Thx for the feedback... i'm leaning towards the 500 but I need to make sure its gonna fit.


----------



## Fine59Bel

> _Originally posted by Kadman_@May 10 2010, 12:00 PM~17442247
> *Thx for the feedback...  i'm leaning towards the 500 but I need to make sure its gonna fit.
> *


if you have a stock radiator, you should be fine.


----------



## Kadman

> _Originally posted by Fine59Bel_@May 10 2010, 11:55 AM~17443705
> *if you have a stock radiator, you should be fine.
> *



cool, thx.. You mentioned that the 605 was too easy to steer... does the 500 offer a little more "resistance" if you now what i mean. right now I still have the stock manual steering and i can crank the wheel a good 2 to 3 inches either way before the wheels start moving. i am guessing that either of the boxes will tighten that up a bunch.


----------



## Fine59Bel

> _Originally posted by Kadman_@May 10 2010, 03:30 PM~17444025
> *cool, thx..  You mentioned that the 605 was too easy to steer... does the 500 offer a little more "resistance" if you now what i mean.  right now I still have the stock manual steering and i can crank the wheel a good 2 to 3 inches either way before the wheels start moving.  i am guessing that either of the boxes will tighten that up a bunch.
> *


i know exactly what you mean... with both things. I used to be able to turn my wheel about a quarter of a turn without turning my wheels. 

I dont really have a "605" box. I have a "600 series" box... it is custom built by Borgeson and is sposed to have "excellent road feel and feedback" and it definitely doesn't. I want more resistance. Although i think that part of it is the tires on my spokes, they were always easier to steer than my stock tire/rim combo. 

Anyway, I think you are good with either a 605 or a 500... I have heard good things about both. As far as this 600 series box... its shit. I will probably end up buying a 605 box and bracket in the future. since now i have the pump and all.


----------



## Kadman

> _Originally posted by Fine59Bel_@May 10 2010, 12:38 PM~17444087
> *i know exactly what you mean... with both things. I used to be able to turn my wheel about a quarter of a turn without turning my wheels.
> 
> I dont really have a "605" box. I have a "600 series" box... it is custom built by Borgeson and is sposed to have "excellent road feel and feedback" and it definitely doesn't. I want more resistance. Although i think that part of it is the tires on my spokes, they were always easier to steer than my stock tire/rim combo.
> 
> Anyway, I think you are good with either a 605 or a 500... I have heard good things about both.
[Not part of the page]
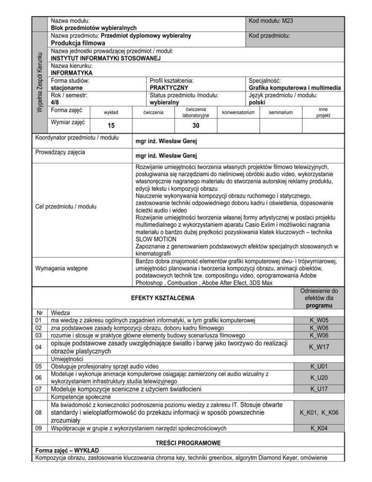 Nazwa modułu: Blok przedmiotów wybieralnych Nazwa przedmiotu: Przedmiot dyplomowy wybieralny Kod modułu: M23 Kod przedmiotu: Wypełnia Zespół Kierunku Produkcja filmowa Nazwa jednostki prowadzącej przedmiot / moduł: INSTYTUT INFORMATYKI STOSOWANEJ Nazwa kierunku: INFORMATYKA Forma studiów: Profil kształcenia: Specjalność: stacjonarne PRAKTYCZNY Grafika komputerowa i multimedia Rok / semestr: Status przedmiotu /modułu: Język przedmiotu / modułu: 4/8 wybieralny polski ćwiczenia inne Forma zajęć wykład ćwiczenia konwersatorium seminarium laboratoryjne projekt Wymiar zajęć 15 Koordynator przedmiotu / modułu Prowadzący zajęcia Cel przedmiotu / modułu Wymagania wstępne 30 mgr inż. Wiesław Gerej mgr inż. Wiesław Gerej Rozwijanie umiejętności tworzenia własnych projektów filmowo telewizyjnych, posługiwania się narzędziami do nieliniowej obróbki audio video, wykorzystanie własnoręcznie nagranego materiału do stworzenia autorskiej reklamy produktu, edycji tekstu i kompozycji obrazu Nauczenie wykonywania kompozycji obrazu ruchomego i statycznego, zastosowanie techniki odpowiedniego doboru kadru i oświetlenia, dopasowanie ścieżki audio i wideo Rozwijanie umiejętności tworzenia własnej formy artystycznej w postaci projektu multimedialnego z wykorzystaniem aparatu Casio Exlim i możliwości nagrania materiału o bardzo dużej prędkości pozyskiwania klatek kluczowych – technika SLOW MOTION Zapoznanie z generowaniem podstawowych efektów specjalnych stosowanych w kinematografii Bardzo dobra znajomość elementów grafiki komputerowej dwu- i trójwymiarowej, umiejętności planowania i tworzenia kompozycji obrazu, animacji obiektów, podstawowych technik tzw. compositingu video, oprogramowania Adobe Photoshop , Combustion , Abobe After Efect, 3DS Max Odniesienie do EFEKTY KSZTAŁCENIA efektów dla programu Nr 01 02 03 Wiedza ma wiedzę z zakresu ogólnych zagadnień informatyki, w tym grafiki komputerowej zna podstawowe zasady kompozycji obrazu, doboru kadru filmowego rozumie i stosuje w praktyce główne elementy budowy scenariusza filmowego 04 opisuje podstawowe zasady uwzględniające światło i barwę jako tworzywo do realizacji obrazów plastycznych 05 06 07 Umiejętności Obsługuje profesjonalny sprzęt audio video Modeluje i wykonuje animacje komputerowe osiągając zamierzony cel audio wizualny z wykorzystaniem infrastruktury studia telewizyjnego Modeluje kompozycje sceniczne z użyciem światłocieni K_W05 K_W06 K_W06 K_W17 K_U01 K_U20 K_U17 Kompetencje społeczne Ma świadomość z konieczności podnoszenia poziomu wiedzy z zakresu IT. Stosuje otwarte 08 standardy i wieloplatformowość do przekazu informacji w sposób powszechnie zrozumiały 09 Współpracuje w grupie z wykorzystaniem narzędzi społecznościowych K_K01, K_K06 K_K04 TREŚCI PROGRAMOWE Forma zajęć – WYKŁAD Kompozycja obrazu, zastosowanie kluczowania chroma key, techniki greenbox, algorytm Diamond Keyer, omówienie podstawowych filtrów (Fast Gaussian Blur). Omówienie i analiza kreowania podstawowych cyfrowych efektów specjalnych z zastosowaniem aplikacji Combustion 4.0, korekcji kolorów, stabilizacji obrazu, malowania i rotowania wektorowego, efektów tekstowych, edycji form krótkometrażowych, wyrażeń, efektów końcowych w formacie Flash i innych. Realistyczna symulacja płynów i innych obiektów z zakresu fizyki ogólnej za pomocą programu Realflow. Forma zajęć – LABORATORIUM Podczas zajęć laboratoryjnych studenci zapoznają się ze sposobem działania i funkcjonowania studia telewizji, budową podstawowych składowych studia, sposobem przepływu danych wewnątrz studia, rodzajem sprzętu audio video. Studenci wykonają własne nagrania materiału, wraz z edycją nieliniową audio video, kluczowaniem, nadawaniem efektów specjalnych za pomocą aplikacji Combustion. Głównym zadaniem jest wykonanie profesjonalnego materiału audio video w postaci reklamy telewizyjnej, reportażu, animacji komputerowej wraz z kluczowaniem i zastosowaniem trakingu obrazu rzeczywistego. Metody kształcenia Wykład z prezentacją multimedialną z omawianiem zagadnień problemowych. Laboratoria z dyskusją uzyskanych wyników z zastosowaniem metody projektów oraz tekstu przewodniego. Nr efektu kształcenia z sylabusa 02,03,05,07, 08, 09, 01,04 06 Metody weryfikacji efektów kształcenia Projekt praktyczny Rozwiązywanie zadań laboratoryjnych Dyskusja Forma i warunki zaliczenia Wykład: egzamin pisemny, Laboratorium: projekt, dwa kolokwia w semestrze Literatura podstawowa 1. 3D Studio MAX. Czarna księga animatora, S. Kennedy, G. Maestri, R. Frantz 1998, wydawnictwo Helion 2. 3D Studio MAX 3.x. Techniki i narzędzia animacyjne. Biblia, Kelly L. Murdock 2001, wydawnictwo Helion 3. Adobe After Effects CS4. Oficjalny podręcznik, Adobe Creative Team 2009, wydawnictwo Helion 4. MAX 3.x. Techniki i narzędzia animacyjne. Biblia, Kelly L. Murdock 2001, wydawnictwo Helion 5. Adobe After Effects CS4. Oficjalny podręcznik, Adobe Creative Team 2009, wydawnictwo Helion Literatura uzupełniająca NAKŁAD PRACY STUDENTA: Udział w wykładach Samodzielne studiowanie tematyki wykładów Udział w ćwiczeniach audytoryjnych i laboratoryjnych* Samodzielne przygotowywanie się do ćwiczeń* Przygotowanie projektu / eseju / itp. * Przygotowanie się do egzaminu / zaliczenia Udział w konsultacjach Inne ŁĄCZNY nakład pracy studenta w godz. Liczba punktów ECTS za przedmiot Obciążenie studenta związane z zajęciami praktycznymi* Obciążenie studenta na zajęciach wymagających bezpośredniego udziału nauczycieli akademickich Liczba godzin 15 5 30 15 20 10 5 100 4 ECTS 65 2,6 ECTS 50 2 ECTS

As far as this 600 series box... its shit. I will probably end up buying a 605 box and bracket in the future. since now i have the pump and all.
> *


right on... thanks again for the insight.


----------



## Fine59Bel

heres a couple pics


----------



## baggedout81

:thumbsup: 

Now all you need is a York and you'll be straight


----------



## king george

im doing mine but noone knows what exactly fits the the gbody from 81 elco i bought used for now says 605 on the top with the ring clip top housing not the four bolt is the one to use all race cars use it its smaller than shit and light its little too 82 down are the ones ive found to work hope it helps now i need the bracket and standard pitman arm i guess for my 64 impala ragtop :biggrin:


----------



## Fine59Bel

the thing about 605's is its not just a 605 and thats it.... there are many many different 605's, with different turning ratios, turning angles, steering feel, etc. so its hard to find out which one is the best with your car. but i guess if you already know that the one from 81 elco's are good, then go for it :thumbsup:


----------



## Indio123

605 box on a 63 impala.


----------



## jtheshowstoppper

any more pics? trying to piece a kit together


----------



## uglee

POWER STEERING CONVERSION.........found a 66 Caddy GEARBOX in a junk yard...does anybody know if it will bolt in without that bracket??Will it work period on a 64 impala wagon???


----------



## C h e v r o l e t I m p a l a s




----------



## OVERTIME

> _Originally posted by uglee_@Jul 5 2010, 06:48 AM~17962675
> *POWER STEERING CONVERSION.........found a 66 Caddy GEARBOX in a junk yard...does anybody know if it will bolt in without that bracket??Will it work period on a 64 impala wagon???
> *


i wouldnt mess with it i would go with what people have been using . i doubt it will bolt up at all.


----------



## Fine59Bel

I should be adding to this thread soon. The steering is way too easy at high speed and after a lil research, i found that i can take the pressure valve outta my pump and easily lower the pump pressure. Ill take some pics along the way to help out other ppl with the same problem


----------



## IMPN8EZ

> *  I should be adding to this thread soon. The steering is way too easy at high speed and after a lil research, i found that i can take the pressure valve outta my pump and easily lower the pump pressure. Ill take some pics along the way to help out other ppl with the same problem*


Good stuff  :biggrin: 

Thanks


----------



## xavierthexman

What's the deal? About to do this too but I need a report. LOL

Thanks.


----------



## B Town Fernie

CPP has a nice box, that doesn't leak like the 605


----------



## Fine59Bel

I would have done cpp if I didn't have an aftermarket radiator. The kit I got sucks ass. I will likely be throwing a 605 in there soon


----------



## xavierthexman

> _Originally posted by Fine59Bel_@Jan 24 2011, 06:50 PM~19686366
> *I would have done cpp if I didn't have an aftermarket radiator. The kit I got sucks ass. I will likely be throwing a 605 in there soon
> *



Why does it suck? Borgunson?


----------



## Fine59Bel

> _Originally posted by xavierthexman_@Jan 25 2011, 01:06 AM~19689776
> *Why does it suck?  Borgunson?
> *


Yah, it is borgeson. Like the box mounts really weird and it throws off the steering geometry. Plus, is entirely too easy to steer so that sucks too. I am just highly disappointed


----------



## xavierthexman

> _Originally posted by Fine59Bel_@Jan 25 2011, 06:13 AM~19691138
> *Yah, it is borgeson. Like the box mounts really weird and it throws off the steering geometry. Plus, is entirely too easy to steer so that sucks too. I am just highly disappointed
> *



Does it sway back and forth on the road easy or does it keep a straight line?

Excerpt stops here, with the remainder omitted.